• **What is required**: Though the entries hold pictures, only their text should be duplicated, exactly and in full.
### Data to use
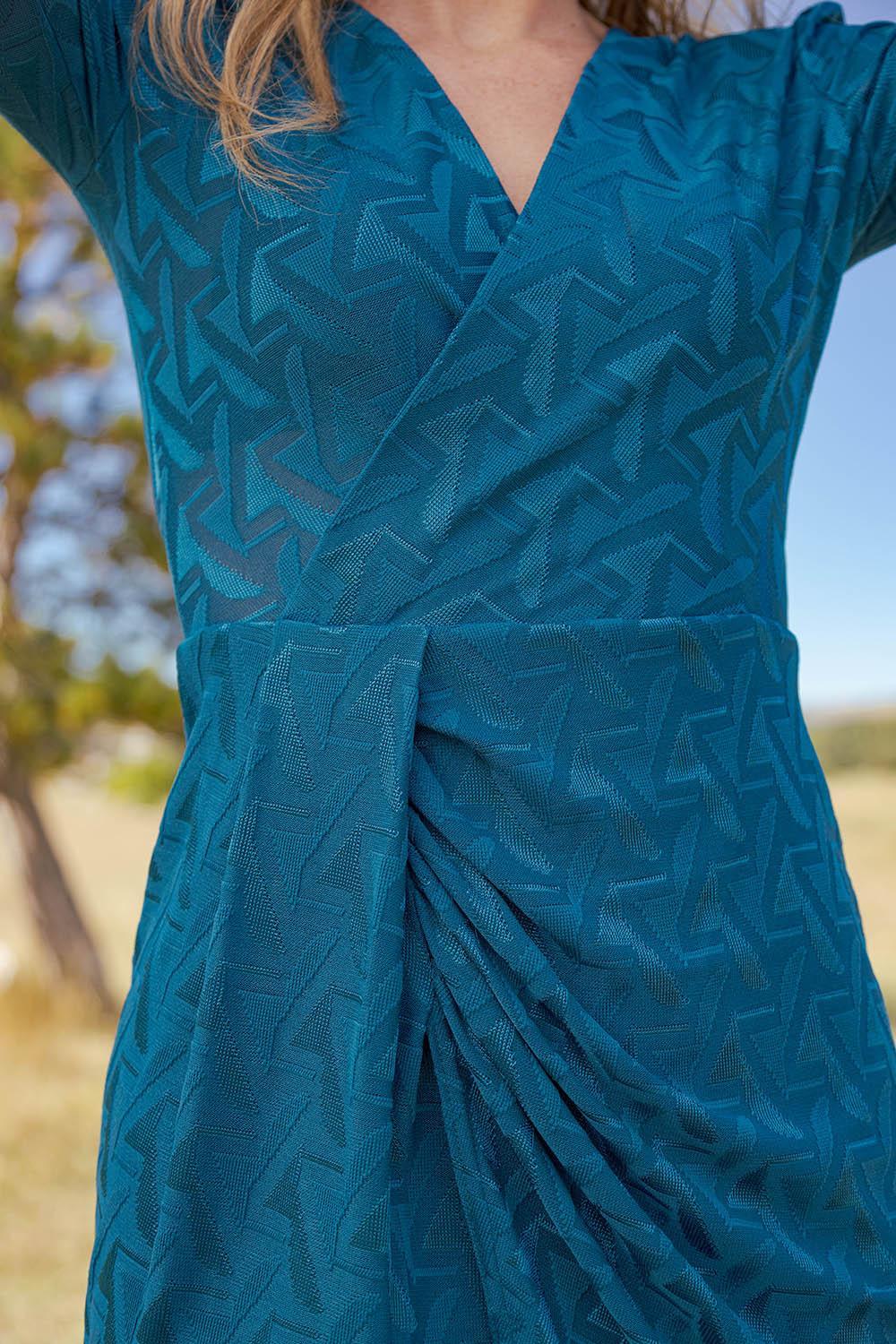 Cette splendide robe à la forme cache-cœur et à la longueur genou se distingue par son tissu jacquard original et sa couleur vitaminée.
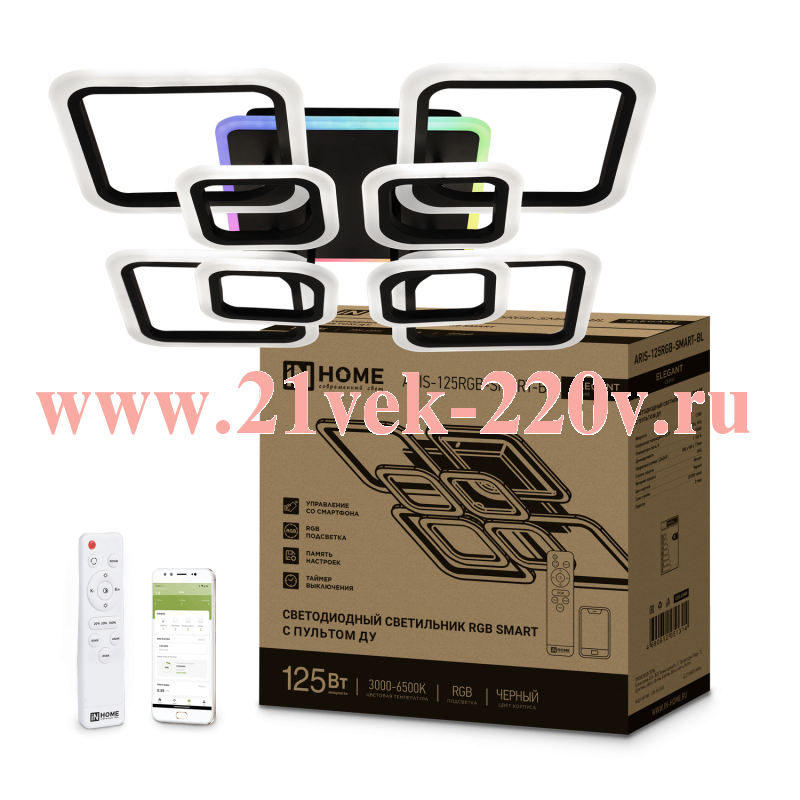 Светильник светодиодный ELEGANT ARIS-125RGB-SMART-BL 125Вт 230В 3000-6500К 8800лм 585х585х115мм пульт ДУ чёрный
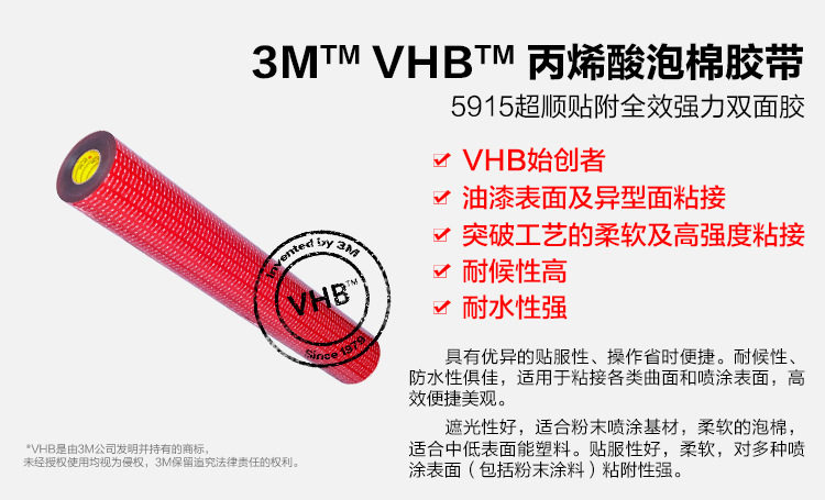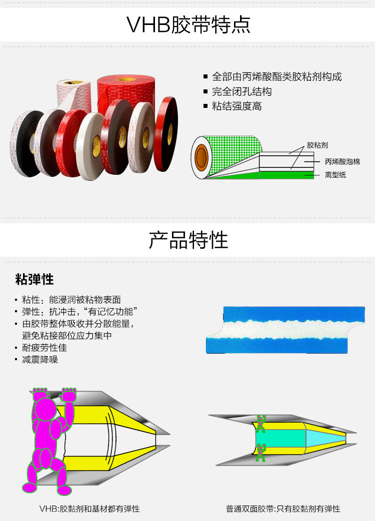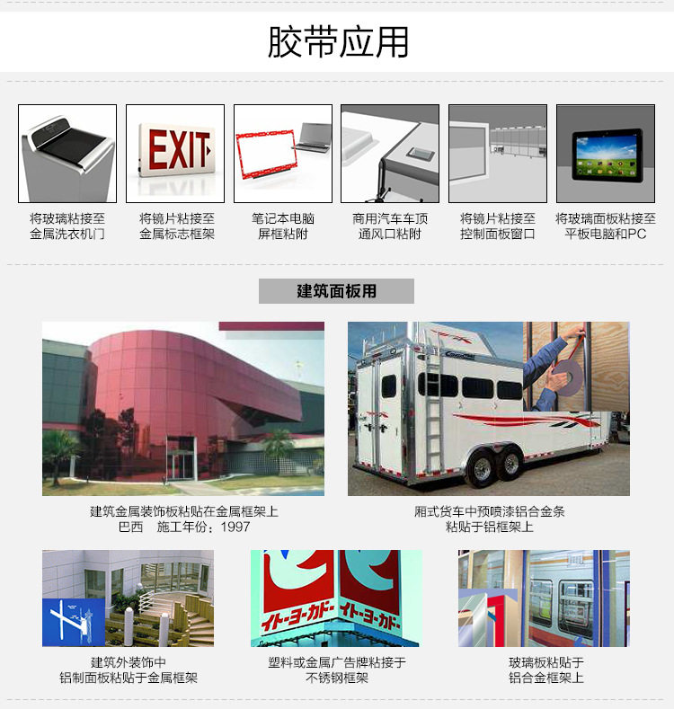 特 性:具有超强的粘性、防水性和耐候性;还具有若软、服帖性好的特性,具有高拉伸力,可剪切的特定。用泡沫胶带固定使产品表面光滑美观,操作简单,粘力持久,无残留。服贴性高,优异的填缝效果,独特的背胶亦适用于不同表面及低温施工使用。可冲型,切卷,模切成型。
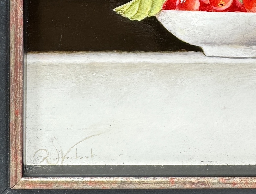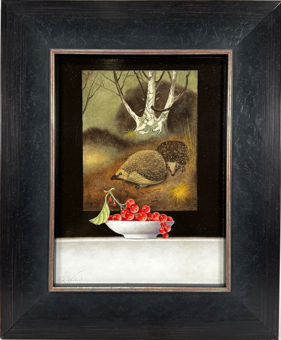 Olieverfschilderij op paneel, getiteld "Ode aan Jan Mankes" (Ezeltjes in het bos), van de Nederlandse schilder Ruud Verkerk. Het is uitgevoerd in een hedendaagse figuratieve stijl met een fijne penseelvoering. De voorstelling toont een stilleven van rode bessen en een bosgezicht met twee egels op de achtergrond. Het werk is gesigneerd linksonder en gedateerd 2017 op de achterzijde. Het bevindt zich in een dubbele houten lijst met goudkleurige binnenrand. Registreer nu en bied eenvoudig online mee op dit paneel! |
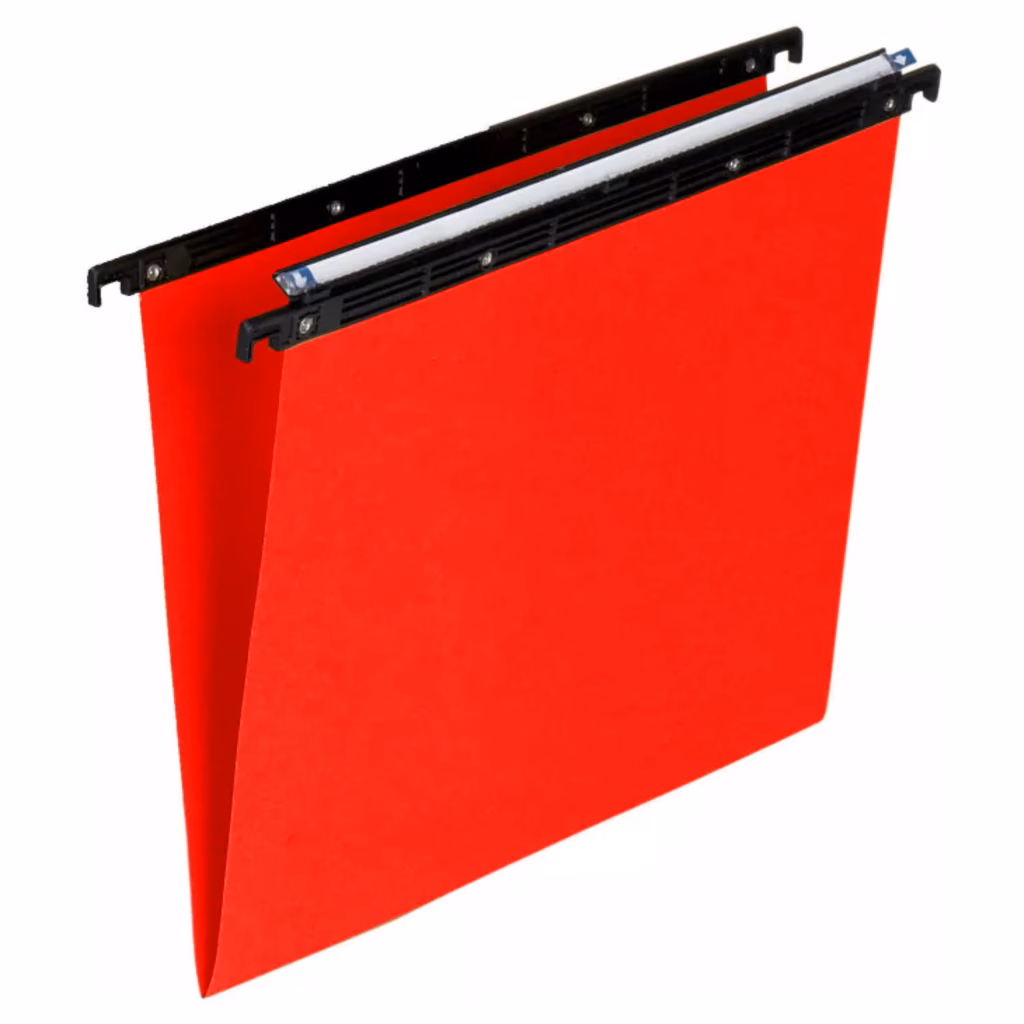 Cartella sospesa di elevata qualità, realizzata in polipropilene, fissata alle aste tramite robusti rivetti metallici, portaetichette in plastica trasparente ad effetto lenticolare, etichette con bordo colorato per l'immediato reperimento dei fascicoli.
######
• **Response to this task**:
 Cette splendide robe à la forme cache-cœur et à la longueur genou se distingue par son tissu jacquard original et sa couleur vitaminée.
 Светильник светодиодный ELEGANT ARIS-125RGB-SMART-BL 125Вт 230В 3000-6500К 8800лм 585х585х115мм пульт ДУ чёрный
 特 性:具有超强的粘性、防水性和耐候性;还具有若软、服帖性好的特性,具有高拉伸力,可剪切的特定。用泡沫胶带固定使产品表面光滑美观,操作简单,粘力持久,无残留。服贴性高,优异的填缝效果,独特的背胶亦适用于不同表面及低温施工使用。可冲型,切卷,模切成型。
 Olieverfschilderij op paneel, getiteld "Ode aan Jan Mankes" (Ezeltjes in het bos), van de Nederlandse schilder Ruud Verkerk. Het is uitgevoerd in een hedendaagse figuratieve stijl met een fijne penseelvoering. De voorstelling toont een stilleven van rode bessen en een bosgezicht met twee egels op de achtergrond. Het werk is gesigneerd linksonder en gedateerd 2017 op de achterzijde. Het bevindt zich in een dubbele houten lijst met goudkleurige binnenrand. Registreer nu en bied eenvoudig online mee op dit paneel! |
 Cartella sospesa di elevata qualità, realizzata in polipropilene, fissata alle aste tramite robusti rivetti metallici, portaetichette in plastica trasparente ad effetto lenticolare, etichette con bordo colorato per l'immediato reperimento dei fascicoli.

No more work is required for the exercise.